Description of the task:
An exact copy of the entries is needed, with every picture left out.

[Material provided — start]

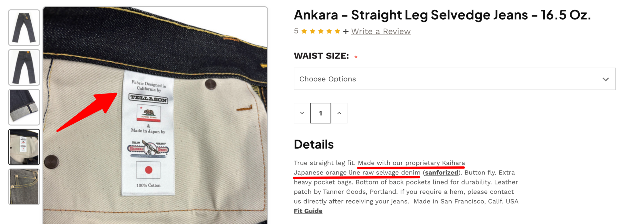 Today, only two of the jeans listed on the Tellason website are made from Cone Mills denim. (One pair doesn’t specify where the denim comes from.) The vast majority – 33 out of 36 styles – are made from Japanese-sourced denim, according to origin information on product pages, as well as product tags stating “Fabric Designed in California by Tellason & Made in Japan by Kaihara” (see second image in slider below).
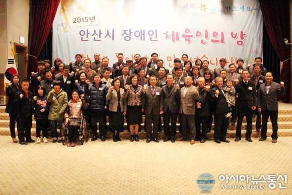지난 11일 오후 한양대 게스트하우스 3층 연회장에서 안산시 장애인체육 발전을 위해 노력하는 장애체육인과 축하 내빈 등 250여명이 참석한 가운데‘2015 안산시 장애인 체육인의 밤'행사가 성황리에 마치고 단체 기념사진을 촬영했..
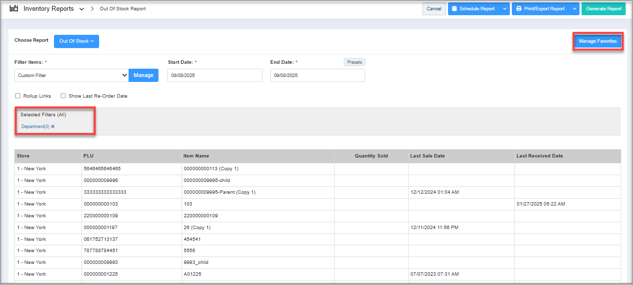 You can generate the Out Of Stock Report for all store locations with the "Show All" option or a customized report with "Custom Filter."
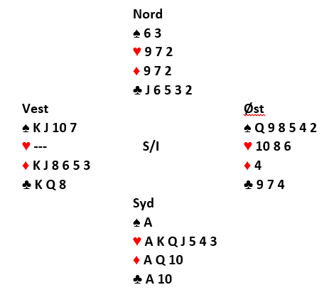 Den interessante kontrakten er 5 hjerter som kun noen få sydspillere fikk forsøke seg på.
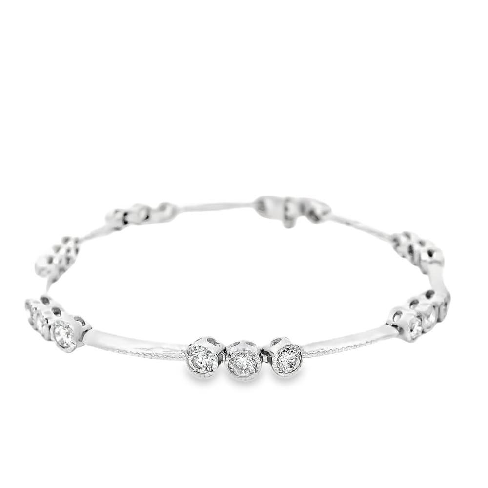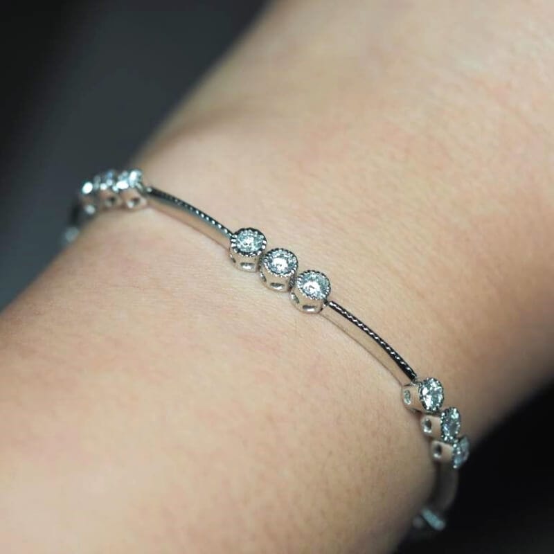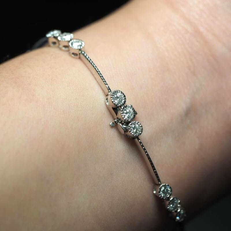 This bracelet features an art deco milgrain decor with a diamond station array holding bezel set diamonds in groups of three.
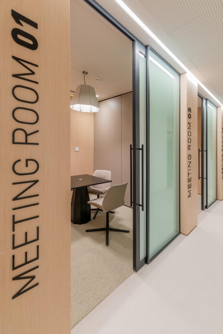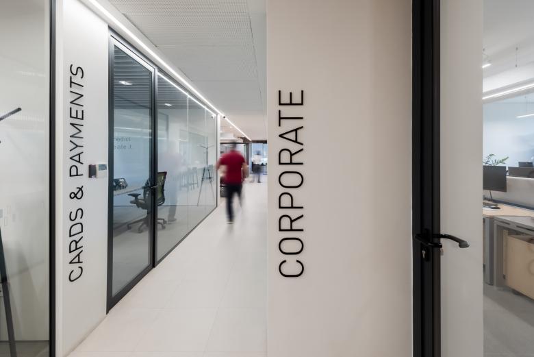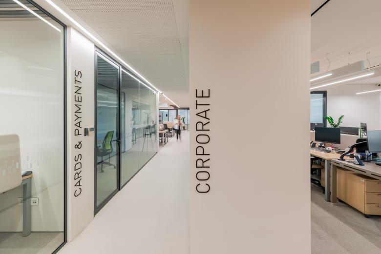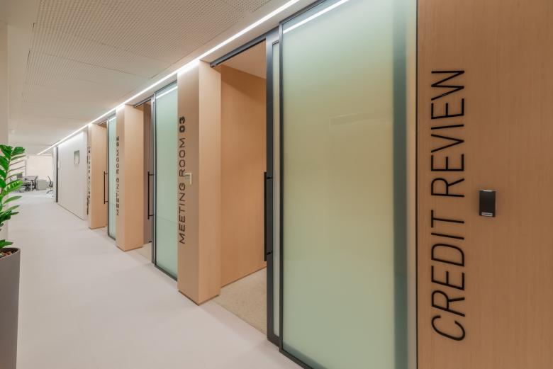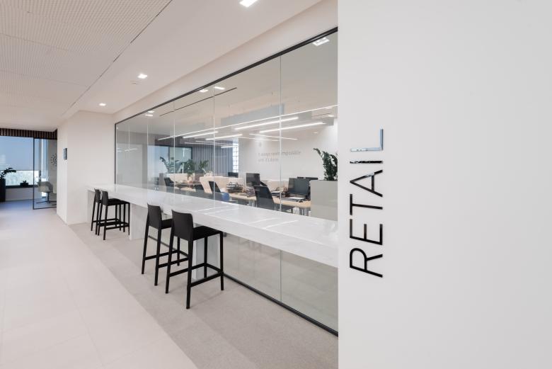 The open-plan layout fosters collaboration and communication among employees, while the incorporation of natural light and greenery enhances the overall ambiance. The bank's branding elements are seamlessly integrated into the design, creating a cohesive and recognizable atmosphere.
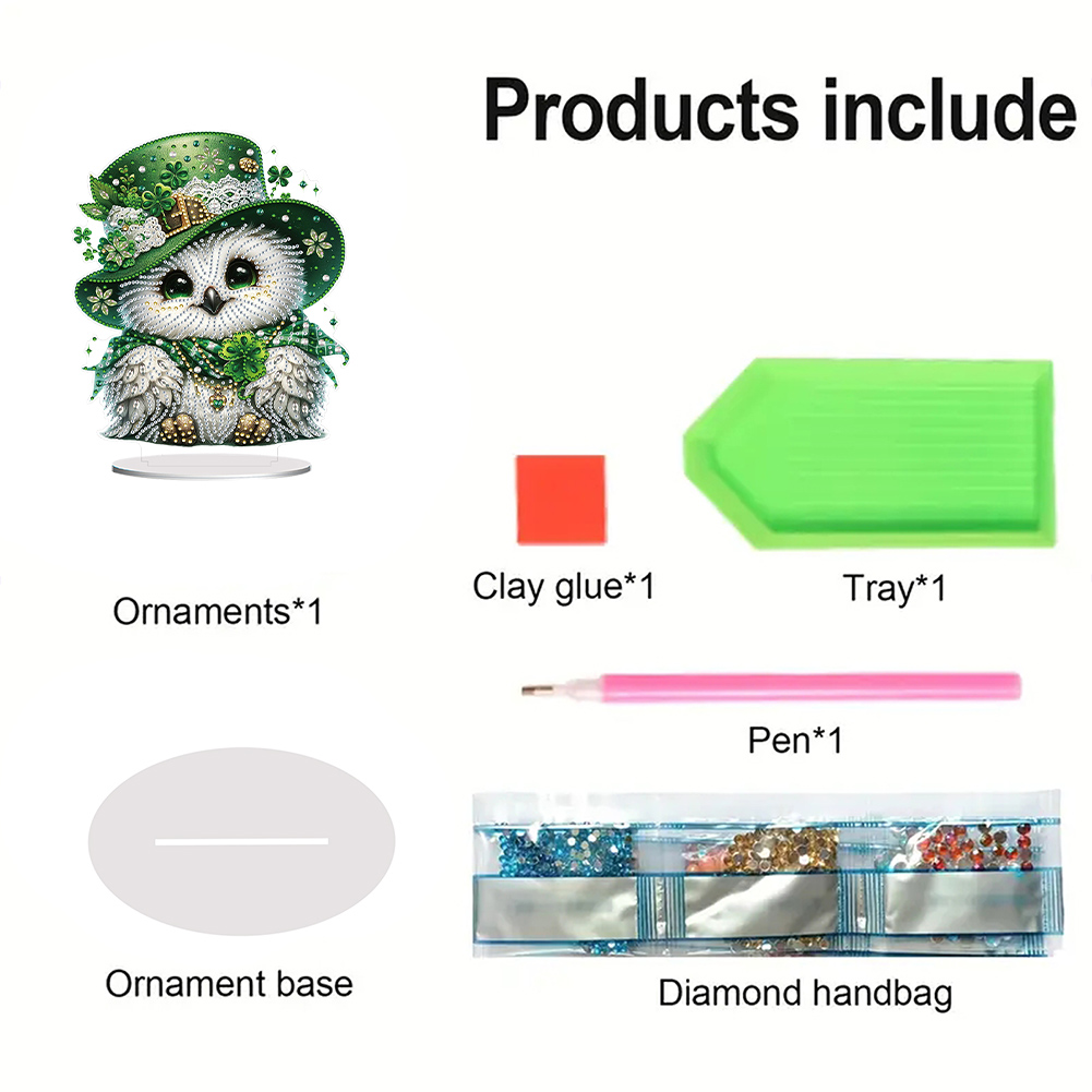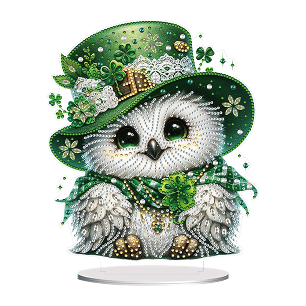 DIY Acrylic St. Patricks Day Owl Special Shape Diamond Painting Tabletop Ornament Creative Home Decor & Gift Idea for Adults - Relaxing Craft Activity

[Material provided — finish]

Output of the exercise:
 Today, only two of the jeans listed on the Tellason website are made from Cone Mills denim. (One pair doesn’t specify where the denim comes from.) The vast majority – 33 out of 36 styles – are made from Japanese-sourced denim, according to origin information on product pages, as well as product tags stating “Fabric Designed in California by Tellason & Made in Japan by Kaihara” (see second image in slider below).
지난 11일 오후 한양대 게스트하우스 3층 연회장에서 안산시 장애인체육 발전을 위해 노력하는 장애체육인과 축하 내빈 등 250여명이 참석한 가운데‘2015 안산시 장애인 체육인의 밤'행사가 성황리에 마치고 단체 기념사진을 촬영했..
 You can generate the Out Of Stock Report for all store locations with the "Show All" option or a customized report with "Custom Filter."
 Den interessante kontrakten er 5 hjerter som kun noen få sydspillere fikk forsøke seg på.
 This bracelet features an art deco milgrain decor with a diamond station array holding bezel set diamonds in groups of three.
 The open-plan layout fosters collaboration and communication among employees, while the incorporation of natural light and greenery enhances the overall ambiance. The bank's branding elements are seamlessly integrated into the design, creating a cohesive and recognizable atmosphere.
 DIY Acrylic St. Patricks Day Owl Special Shape Diamond Painting Tabletop Ornament Creative Home Decor & Gift Idea for Adults - Relaxing Craft Activity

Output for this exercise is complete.